We want to do the operation `emb @ W + b` but the embeddings are stacked in the input tensor so matmul will not work. So we need to concatenate these inputs together i.e. convert 16, 3, 2 to a 16, 6 tensor.

In [47]:
emb[:, 0, :].shape # get everything at the 0 index

torch.Size([16, 2])

In [48]:
torch.cat([emb[:, 0, :], emb[:, 1, :], emb[:, 2, :]], 1).shape # concatenate the seq across dim 1

torch.Size([16, 6])

In [51]:
# to generalize the above operation
len(torch.unbind(emb, 1)) # list of tensors as in the above operation

3

In [52]:
# so now we can do the general operation
torch.cat(torch.unbind(emb, 1), 1).shape

torch.Size([16, 6])

Turns out there is an even better way of doing this.

In [54]:
example = torch.arange(18)
example

tensor([ 0,  1,  2,  3,  4,  5,  6,  7,  8,  9, 10, 11, 12, 13, 14, 15, 16, 17])

In [56]:
# we can represent example tensor in different sized n dim tensors
example.view(2, 9)

tensor([[ 0,  1,  2,  3,  4,  5,  6,  7,  8],
        [ 9, 10, 11, 12, 13, 14, 15, 16, 17]])

In [59]:
example.view(3, 3, 2) # product of dim numbers should be the same

tensor([[[ 0,  1],
         [ 2,  3],
         [ 4,  5]],

        [[ 6,  7],
         [ 8,  9],
         [10, 11]],

        [[12, 13],
         [14, 15],
         [16, 17]]])

In pytorch `.view` operation is extremely efficient because a tensor is stored as a 1D sequence of bytes in memory and the attributes of the tensor add the dimesionality to it.
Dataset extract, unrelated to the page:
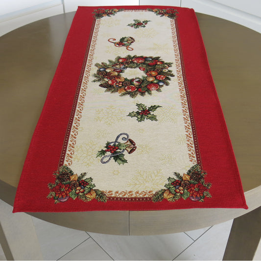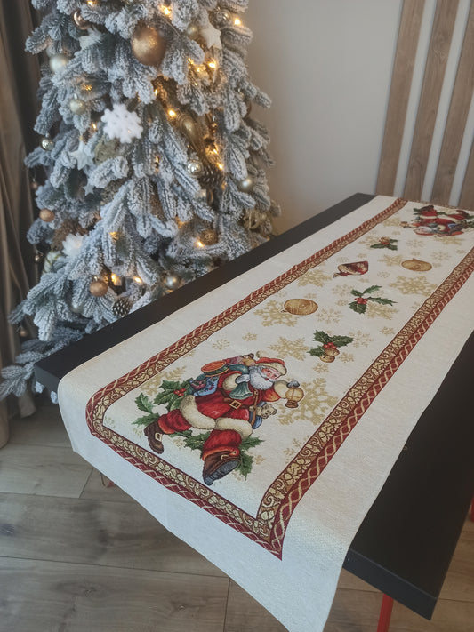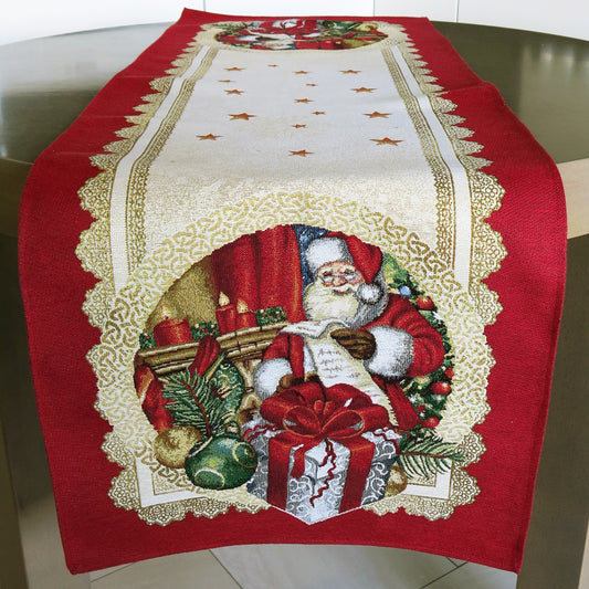 Table Runners Red Christmas Golden Lurex Fabric Tapestry Rectangular with Santa

When we call `.view` we only modify these attributes but the underlying tensor remains the same.

In [65]:
emb.shape

torch.Size([16, 3, 2])

In [63]:
emb.view(16, 6)

tensor([[-0.2509,  0.6327, -0.2509,  0.6327, -0.2509,  0.6327],
        [-0.2509,  0.6327, -0.2509,  0.6327, -0.9763, -1.6983],
        [-0.2509,  0.6327, -0.9763, -1.6983, -0.7397,  1.1733],
        [-0.9763, -1.6983, -0.7397,  1.1733, -0.7397,  1.1733],
        [-0.7397,  1.1733, -0.7397,  1.1733,  0.6711, -0.6027],
        [-0.2509,  0.6327, -0.2509,  0.6327, -0.2509,  0.6327],
        [-0.2509,  0.6327, -0.2509,  0.6327, -0.5172, -0.9544],
        [-0.2509,  0.6327, -0.5172, -0.9544, -0.1264, -0.3153],
        [-0.5172, -0.9544, -0.1264, -0.3153,  0.8876, -1.7088],
        [-0.1264, -0.3153,  0.8876, -1.7088,  1.4134,  0.9600],
        [ 0.8876, -1.7088,  1.4134,  0.9600,  0.8876, -1.7088],
        [ 1.4134,  0.9600,  0.8876, -1.7088,  0.6711, -0.6027],
        [-0.2509,  0.6327, -0.2509,  0.6327, -0.2509,  0.6327],
        [-0.2509,  0.6327, -0.2509,  0.6327,  0.6711, -0.6027],
        [-0.2509,  0.6327,  0.6711, -0.6027,  1.4134,  0.9600],
        [ 0.6711, -0.6027,  1.4134,  0.9

So we can get the hidden states of the hidden layer by:

In [66]:
h = emb.view(16, 6) @ W1 + B1

In [67]:
h.shape

torch.Size([16, 100])

In [69]:
# we're still hardcoding emb's dimensionality so to fix that we can do
h = emb.view(-1, 6) @ W1 + B1 # -1 means pytorch can derive the appropriate dim

So now we perform a `tanh` (from the paper) to get the 100 dimensional activations of all of our 16 examples.

In [70]:
h = torch.tanh(emb.view(-1, 6) @ W1 + B1)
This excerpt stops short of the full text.